We have a tradition in the European canon of the philosopher-poet, in which a poet offers insights into the human condition. Modern poets do so ponderously as a whole. Vincenz’s touch on this is so light and his language so original that you scarcely know you are being enlightened. His temporal range is from the nascent prehistory of cave paintings to the post-relativistic twenty-first century. His worlds are populated with extraordinary beings, including the aforementioned Uncle Fernando and his interlocutor, the oracular Sibyl. In “Uncle Fernando & Sibyl Exchange Curt Words,” Fernando asks for “that mythical moment” and the oracle replies, “Hush,”:
Carbon first.
Then light.
Sibyl, Vincenz’s untamed muse, also appears in dialogues between Prometheus and Orpheus:
Orpheus:                                             Prometheus:
The voice                                             & what
of time                                                 is that perfume—
 …                                                       . . .
within the planes                                 the word made
of being                                               Thing
…                                                        . . .
Sibyl:
whenever I start
to try & explain it
I forget words
altogether
My favorite characters in Leaning into the Infinite include a finch singing to his mate from a tree-top which he thinks is a mountain, the Tree God Saluwaghnapani, and Milen, a Filipino wet-nurse who sings a song she “claimed drove off demons that grew within Javan / smog clouds: Ai-Li-Ma-Lu-Ma-Nu — . . . “
Leaning into the Infinite ranges from Olympus to “The Penal Colony” and is vivid and visceral:
Not from the gagged mouth—it knots & tangles in the larynx
& the chain simply groans: ‘Have done it.
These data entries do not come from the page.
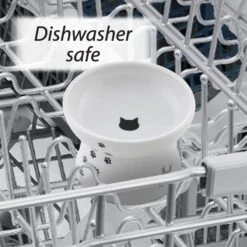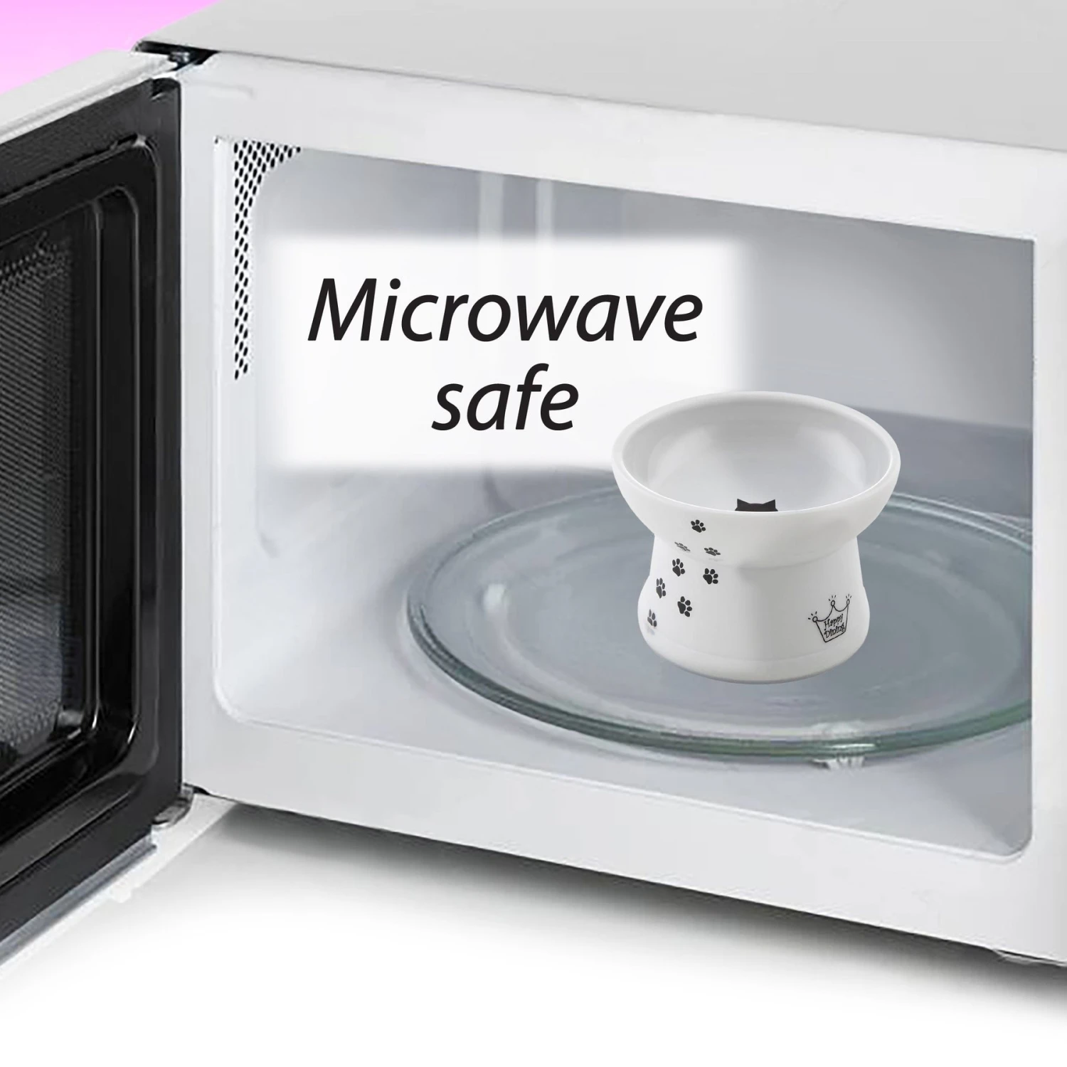 Happy Dining Raised Food Bowls are both dishwasher and microwave safe. Multiple-cat owners can appreciate the convenience of simply tossing all of the food and water bowls into the dishwasher and flipping on the switch.
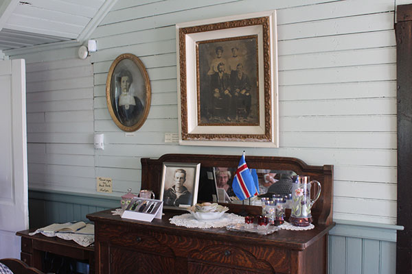 Situated at the northern terminus of the original Icelanders’ Road (Colonization Road), which connected the Icelandic River with Sandy Bar, Gimli, and areas further south, Engimýri became a stopping place for travellers and a haven of Icelandic hospitality. This meeting place was a vital part of the community and housed those travelling and working on the freighters travelling down Lake Winnipeg, mail carriers, and officials. This followed the tradition carried on by Tómas’ parents, whose home at Bakkasel in Öxnadalur served as a wayside inn. Tómas' brother, Sigtryggur Jónasson, also stayed at this house in the latter part of his life. It was subsequently occupied by Tómas' son and grandson of the same name. In 1977, Engimýri was designated a centennial farm.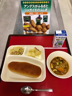 上段の写真は、本日の献立と給食図書です。本日の給食図書は、「アンデスがふるさと ジャガイモのふしぎ」でした。南アメリカのアンデス地方が原産であるジャガイモの、生態や育て方が載っている図書でした。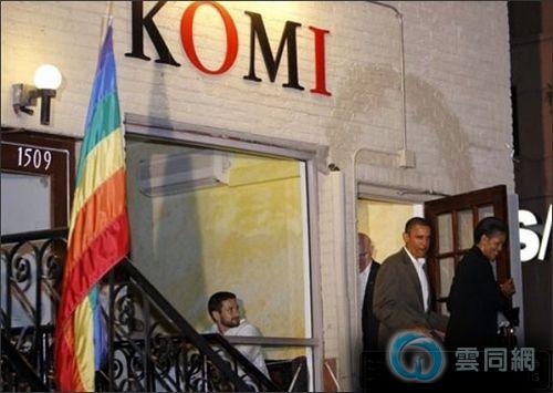 上图:奥巴马与夫人与5月7日在一家位于华盛顿同性恋商业区的KOMI餐厅就餐(图/美联社)。

Have it etched to the bone.
 It’s all in the pointed nib of the writers’ dark truth.
 In an enlightened moment the Bewildered gasps alone—
The Orwellian/Kafkaesque boot stamps:
Just                 Be                     
a        
      good Citizen

Be                    Just
And then the poet escapes to his natal Asia:
O to be born reforested in Borneo
 where water doesn’t run off in disappointing sloughs,
 but cascades & careens within the bejeweled heart
of a single fruiting tree, where a child is a rambutan
(or the fleshy dumpling-pulp of a mangosteen)— . . .
Vincenz speaks to the childlike longing in us to have a storyteller/mentor introduce us to the world’s mysteries, to share its secrets:
If only I had a good uncle to sit me down at an uneven hearth
with a hot cup of mulled wine, a twinkle in his eye
& this background whiff of ancient pine:
To hear how the world begins green, fresh, tabula rasa:
& late at night or early morning through air still as glass,
to eavesdrop upon the grasses & their endless philosophizing.
You have this uncle in Marc Vincenz. Drink up.